Что это было? Власть… да, именно – власть! чего-то более прочного и более органичного, чем он сам!.. – сейчас, в дороге, мимо осевшей на склоне татарской деревушки, – эта мысль о чьей-то власти над ним впервые показалась неприятна ему. Он вспомнил, как в Юрзуфе слышал нечаянно обрывок разговора генерала с Николаем-младшим: – Александр так огорчает меня своей холодностью!.. (речь шла о старшем сыне). – С появлением Александра-гостя естественно разговор прервался. Как было сказано? «Огорчает» или «страшит»?
Неужто этот стиль, эта бесконечная отвага ума – в прозрении и отрицании – были лишь холодностью сердца? – он терялся в раздумье.
Раевского Александра раздражала даже слава его семьи. Он не терпел Жуковского. «Певец во стане русских воинов» существовал для него лишь как повод для издевок. «Среди прочего это – плохие стихи! – говорил он. – И хуже того – плохие чувства!»
– Бедный отец! Его посвятили в римляне, хотя он сам не пошел дальше древнего грека, женившись на гречанке!
– «Раевский, слава наших дней – Хвала! Перед рядами – Он первый грудь против мечей – С отважными сынами…» Жуковский, кажется, ваш друг? Скажите ему, что это – полная глупость! Во-первых, непосредственно в бою нас не было – ни меня, ни брата. В самом деле. Отец действовал под Дашковкой славно. Хотите звать его героем? Охотно допускаю. Только… Никаких сыновей он в бой не выводил. Это петербургский анекдот. Вы не представляете – сколько в то время долетало анекдотов с полей сражений до столичных болтунов, не нюхавших пороху – но зато с восторгом мусоливших все, что доходило до них – на ходу все изменяя и перевирая. Мне шел семнадцатый год, и я был уже здоровый верзила – как отец мой мог поднять меня на руки? Да – еще шествуя во главе войска, да еще вместе с братом – хоть тот был поменьше. Хотите правду? Отец вообще отослал меня с поля боя – под каким-то предлогом. Кажется, с донесением – кое, впрочем, никому не было нужно. А братец Николай в это время в лесу собирал ягоды. Долетевшая пуля пробила ему панталончики. А если совсем руку на сердце… никто не поймет, зачем нас отец вообще брал с собой в это сраженье. Я как воин тогда еще ничего не стоил, брат – тем паче. Разве чтоб пощекотать нервы нашей матушки – очередной раз, либо очередной раз испытать ее любовь. Она, конечно, безумно волновалась… Она ж не знала еще, что я, как никто другой из детей – вовсе не оправдаю ее надежд! Ах, если бы меня убило под Дашковкой! Как бы меня вспоминали! Такой чудный мальчик! Надежда семьи! Верный продолжатель отцовской славы!..

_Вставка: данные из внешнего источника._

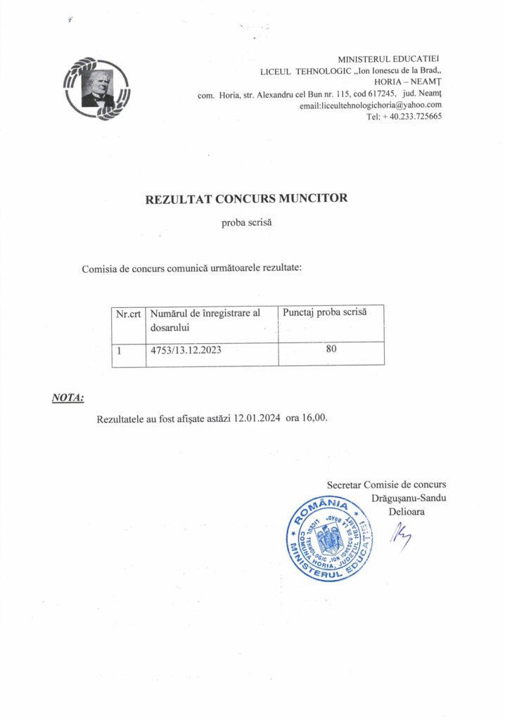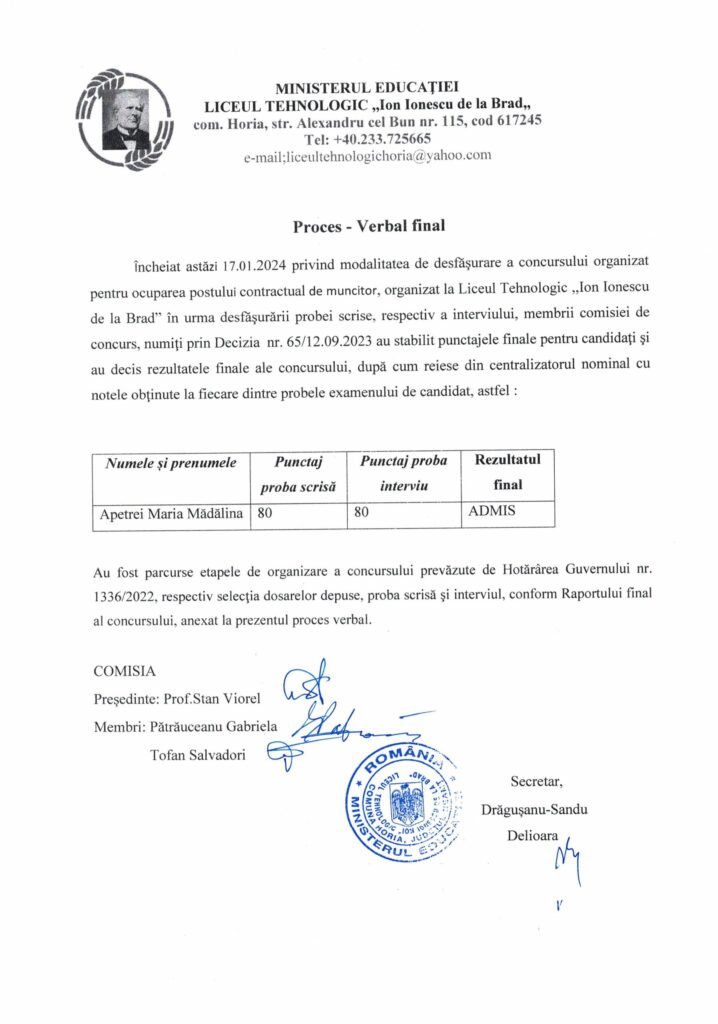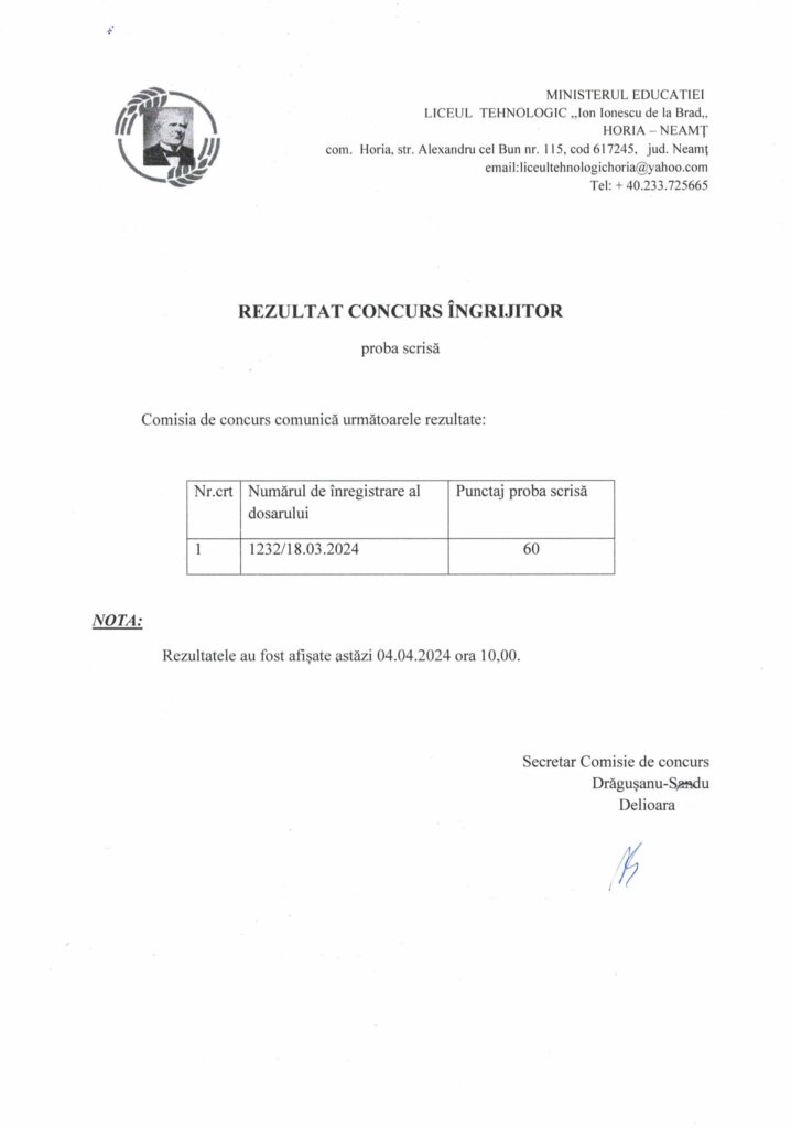 Relații suplimentare se pot obține la sediul Liceului Tehnologic ,,Ion Ionescu de la Brad”, com.Horia, jud.Neamț, str.Alexandru Cel Bun, nr.115, tel: 0233 725 665.
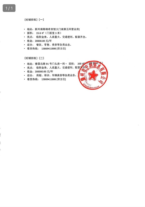 商铺招租公告
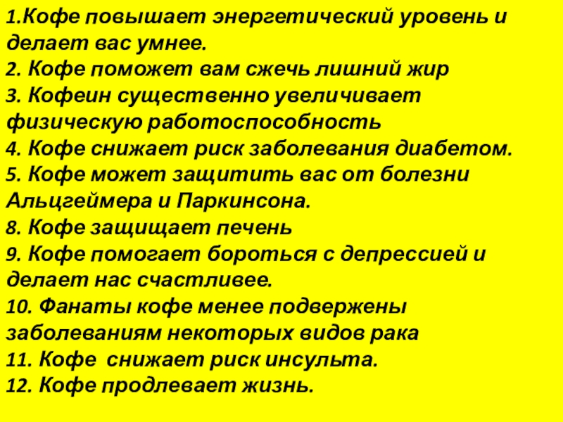 Слайд 231.Кофе повышает энергетический уровень и делает вас умнее.
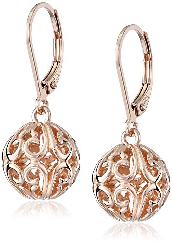 18K Rose Gold Plated Sterling Silver Filigree Ball Dangle Earrings
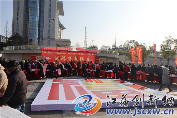 江苏创新网讯 1月13日上午,由句容市文体广电和旅游局主办,句容市图书馆承办的“文化村镇行”义务写春联、送祝福惠民活动在福地广场顺利举行,活动邀请了句容市文联的书法家们即席挥毫,吸引了不少市民早早前来“抢”名家所书的新春祝福。

…и при этом смеялся – каким-то, чуть не утробным смехом. Так смеются маски на столичном балу, чтобы тотчас раствориться в толпе. (Нечто демоническое?)
Александр – который Пушкин – лишь после поймет, что… Впрочем, об этом дале. Мы не знаем – где он едет сейчас. Среди горных кряжей, где сухой красноватый цвет камней сливается невольно с рыжеватым руном овечьих стад на камнях (Крым) – или по лесной дороге, где мокрые деревья при первом же ветерке щедро осыпают его каплями прошедшего дождя (Михайловское). Мы знаем только – что он вспоминает… И что духовный облик Раевского-старшего – сына, разумеется – отложился в нем настолько властно и прочно, что на какой-то момент стал мешать его собственному эго… или даже мешаться с ним.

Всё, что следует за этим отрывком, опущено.